Now I understand why I was feeling dread…
Aug. 22nd, 2006 08:07 pmOriginally published at Memoirs of a Nobody. You can comment here or there.
We have until Friday (THIS Friday) to figure out a way to get my mother released on a TVA (no idea what that stands for, I just know it means she can come home with conditions), or else her doctor is signing the papers to have her transfered to the state hospital for the next six monthes and then they return to court.
Her lawyer won’t return her calls, her therapist has abandoned her, I’m working my ass of at her job that I haven’t seen her since last friday (gods I miss my mommy), and her mother went off to California or Idaho without even caring that mum is in the hospital (apparently she knows, mum kept saying she called her).
I can’t go another five + monthes without my mother. And if she gets sent to state (which is in…Salem? Fuck if I know), I wont’ be able to see her even once a week.
And even the thought of not having to see the therapist if she’s not here isn’t good because right now I’d see Dr. Phil if it was required (and he’s a quack, in my opinion).
ARG! I just want her HOME…and alive, but first the home. Because they’re nto doing anything to help her! They threatened to strip her naked, put her in a straight jacket and leave her in the isolation room until she’s shipped off and send a request that state keeps her the same way.
She’s restricted from group therepy because she ‘upsets’ the other patients due to her anger (umm, she’s locked away from the one person who is standing by her and not judging her, no shit she’s angry!

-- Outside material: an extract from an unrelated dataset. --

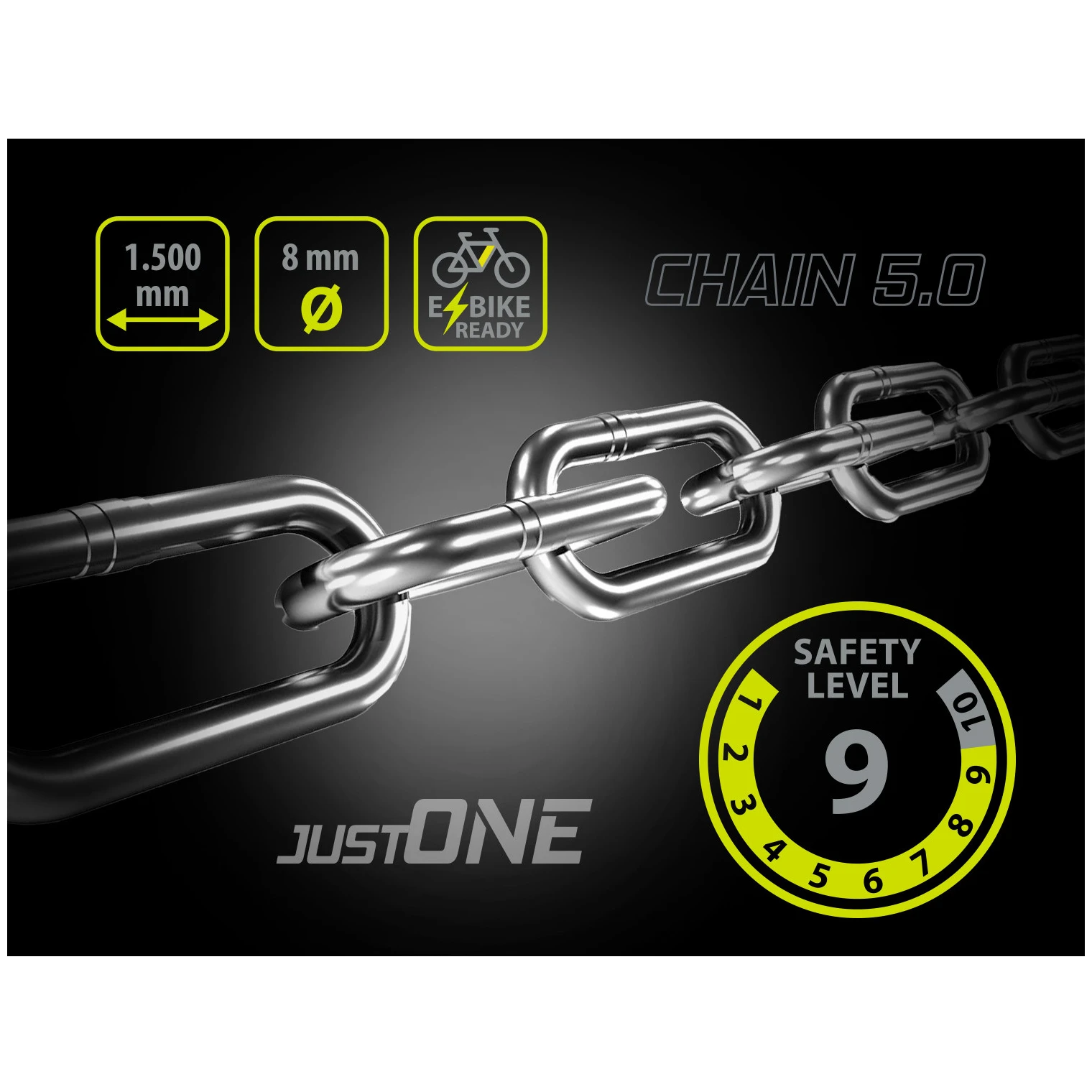 Надеждна защита за вашия велосипед – верижната ключалка Just One е здрава и сигурна ключалка, предназначена за ежедневна употреба и в града, където рискът от кражба е по-висок. Ключалката е с дължина 1500 mm и е съставена от звена с диаметър 8 mm от закалена стомана, което осигурява висока устойчивост на срязване или насилствено отваряне. Благодарение на това, тя достига степен на защита 9, което осигурява спокойствие и увереност при осигуряване на вашия велосипед.

I’m fucking livid), and they don’t do individual work.
What the fuck more are they going to do to her?! She’s depressed and suicidal, this shit isn’t helping! She WAS doing good and then it all went wrong and I’m getting more and more pissed off, more and more frustrated because it’s NOT all her fault and they’re blaming her!
I WANT MY MOMMY AND I WANT HER RIGHT NOW GODDESS DAMNIT!